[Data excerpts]
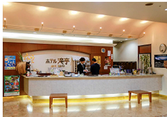
(ホテル滝亭フロント)
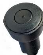
Fontænedyse VULKAN Fontänmunstycke VULKAN
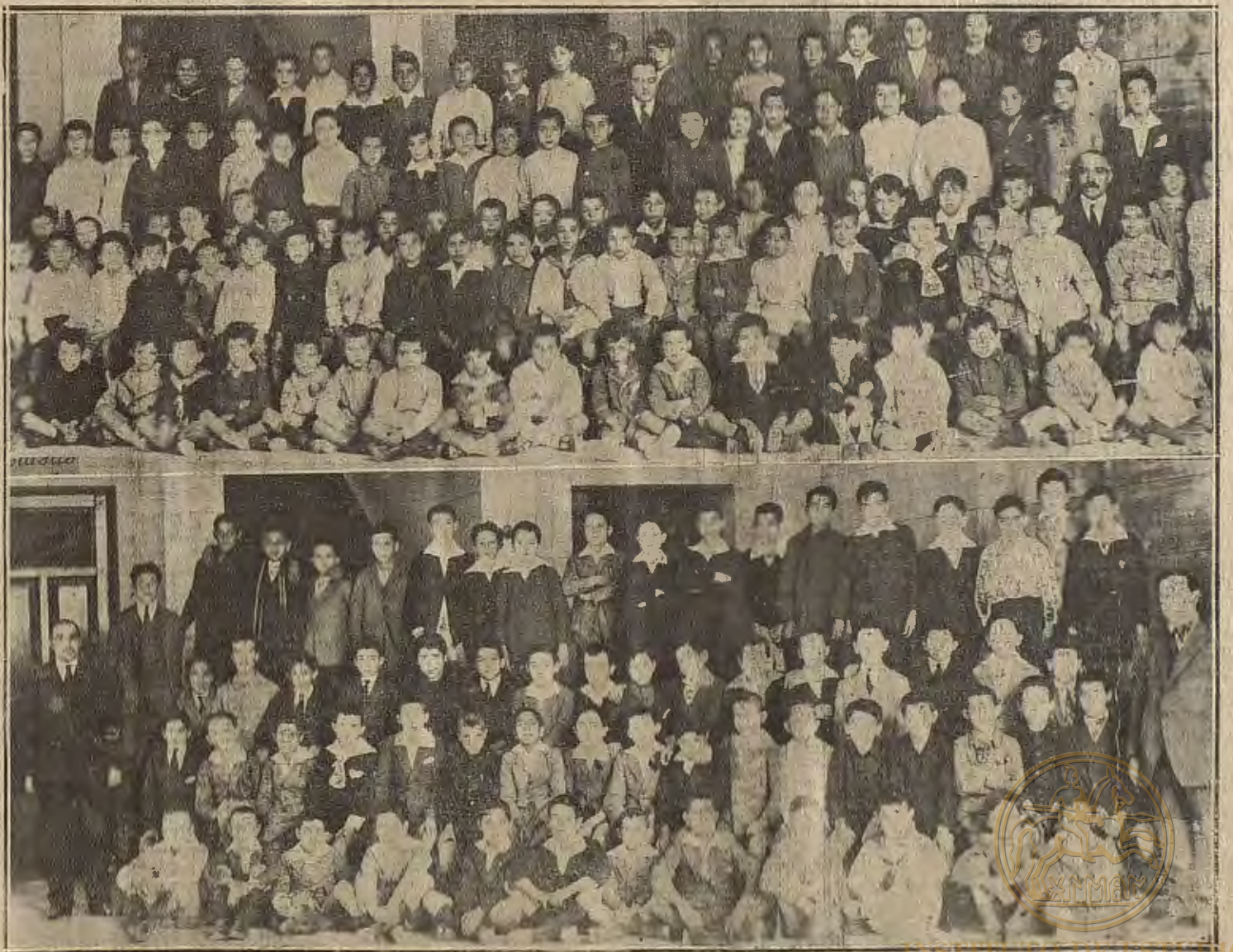
LAS EXPOSICIONES ESCOLARES EN ZARAGOZA.—Niños de la Escuela de Ramón y Cajal

«Lector, se te ruega indagues el paradero de un caballejo pío, oscuro, de escaso valor, blanco de cara, pío y costado, y un poco claro por la cola. Lo hurtó Juan Rotherham. La persona que haga averiguaciones y dé con el animal y traiga o envíe noticias, recibirá lo que juzgue pertinente como recompensa a sus molestias».
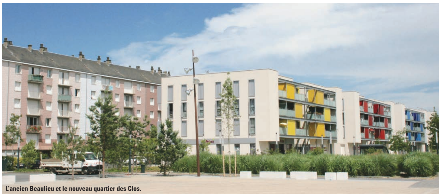
L'ancien Beaulieu et le nouveau quartier des Clos.
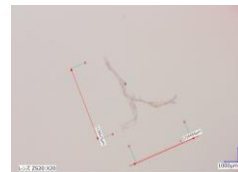
Fig. 1 Picture of defect.

製品層内に付着した異物を Fig. 1 に示す。この異物を ATR 法を用いて成分分析を行ったところ、ウレタンと成分が一致した。自社にて使用しているウレタンローラーを分析したところ、異物と成分が一致した。異物とウレタンローラーのピークを比較したものを Fig. 2 に示す。このため、製品層内の付着した異物は自社内のウレタンローラーが原因であると考えられる。
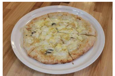
ピザはパリッとしてももちもち♪

Your instructions: Strip out the images, then output the records above word for word.

Response to the task:
(ホテル滝亭フロント)
Fontænedyse VULKAN Fontänmunstycke VULKAN
LAS EXPOSICIONES ESCOLARES EN ZARAGOZA.—Niños de la Escuela de Ramón y Cajal

«Lector, se te ruega indagues el paradero de un caballejo pío, oscuro, de escaso valor, blanco de cara, pío y costado, y un poco claro por la cola. Lo hurtó Juan Rotherham. La persona que haga averiguaciones y dé con el animal y traiga o envíe noticias, recibirá lo que juzgue pertinente como recompensa a sus molestias».
L'ancien Beaulieu et le nouveau quartier des Clos.
Fig. 1 Picture of defect.

製品層内に付着した異物を Fig. 1 に示す。この異物を ATR 法を用いて成分分析を行ったところ、ウレタンと成分が一致した。自社にて使用しているウレタンローラーを分析したところ、異物と成分が一致した。異物とウレタンローラーのピークを比較したものを Fig. 2 に示す。このため、製品層内の付着した異物は自社内のウレタンローラーが原因であると考えられる。
ピザはパリッとしてももちもち♪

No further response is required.